**Work to complete:**
Your output should be the lines from the one containing "probably Qianlong period." through the end of the listing, exact and inclusive, with no pictures.

**Given material:**
----------

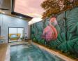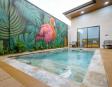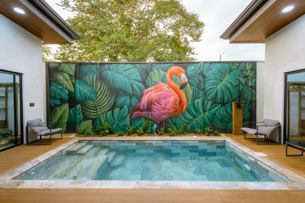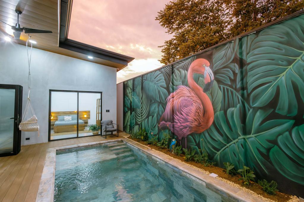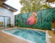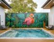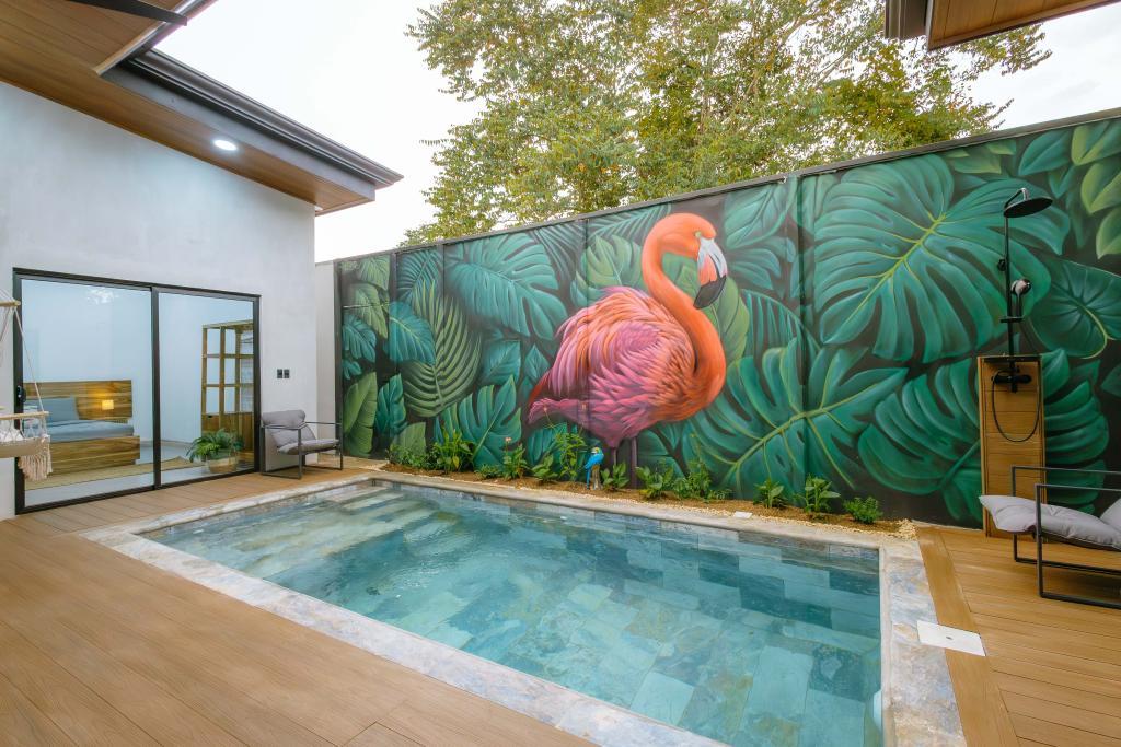 La piscina privada de varios niveles, con mural artesanal de artista local, es el corazón de la villa: las áreas sociales y dormitorios están distribuidos alrededor para disfrutar de vistas relajantes al agua desde casi cualquier punto.
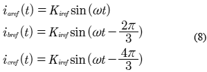 Para la aplicación del control de corriente PI y PI difuso al rectificador síncrono trifásico, la corriente de línea inicialmente expresada en coordenadas "abc" es transformada a coordenadas "dq" (Park, 1929). Las componentes de corriente id e iq tienen valores constantes en estado estacionario, ya que el sistema de referencia está rotando en sincronía con
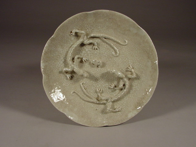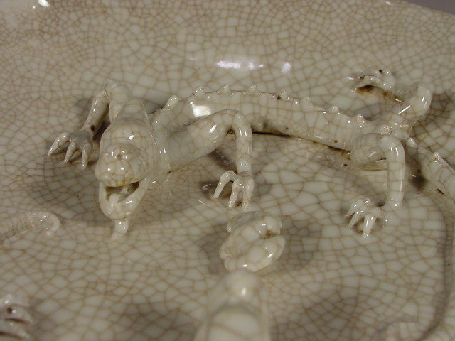 probably Qianlong period. 清代 Qing dynasty, 乾隆 Qianlong Period (1736-1795) Height: 1 1/2" (3.8cm) Diameter: 10" (25.4cm) Provenance: Vermeer & Griggs Collection No. 406 Condition: Excellent, one claw broken off on rear foot of one qilong. Please refer to item #GU-307 when inquiring. |
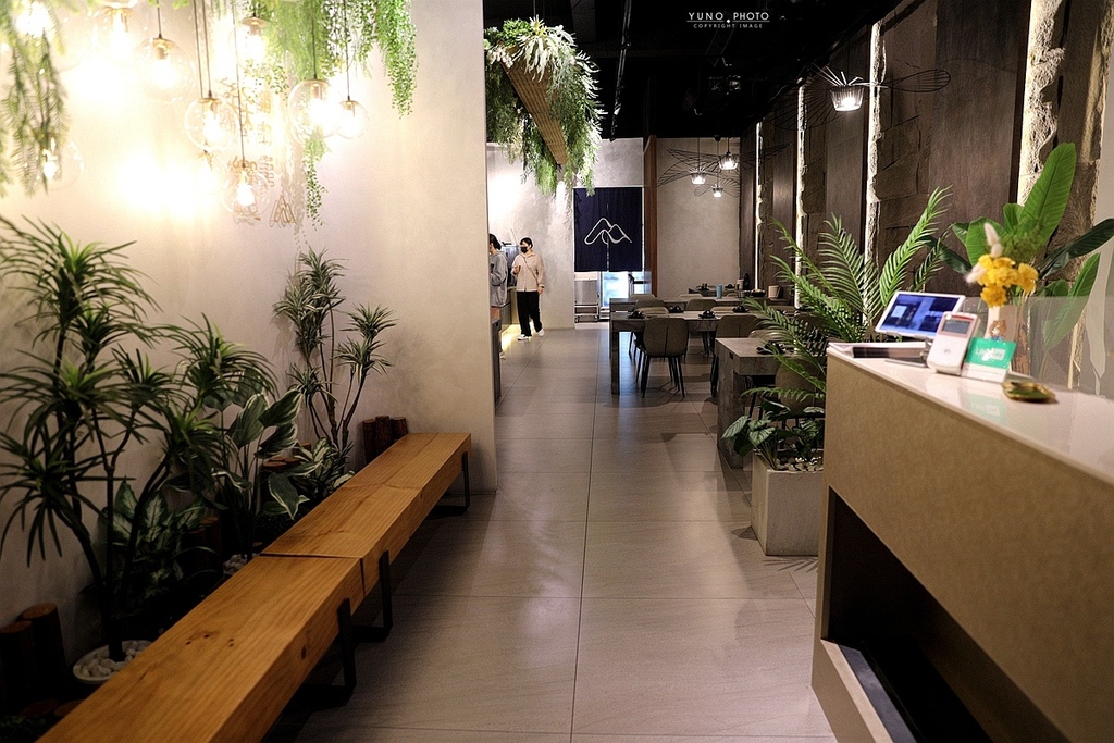 白色系外觀加上燙金森饗字樣 寬敞挑高的室內空間 仿真石牆相當有質感搭配綠植佈置

----------

**Result of the exercise:**
 probably Qianlong period. 清代 Qing dynasty, 乾隆 Qianlong Period (1736-1795) Height: 1 1/2" (3.8cm) Diameter: 10" (25.4cm) Provenance: Vermeer & Griggs Collection No. 406 Condition: Excellent, one claw broken off on rear foot of one qilong. Please refer to item #GU-307 when inquiring. |
 白色系外觀加上燙金森饗字樣 寬敞挑高的室內空間 仿真石牆相當有質感搭配綠植佈置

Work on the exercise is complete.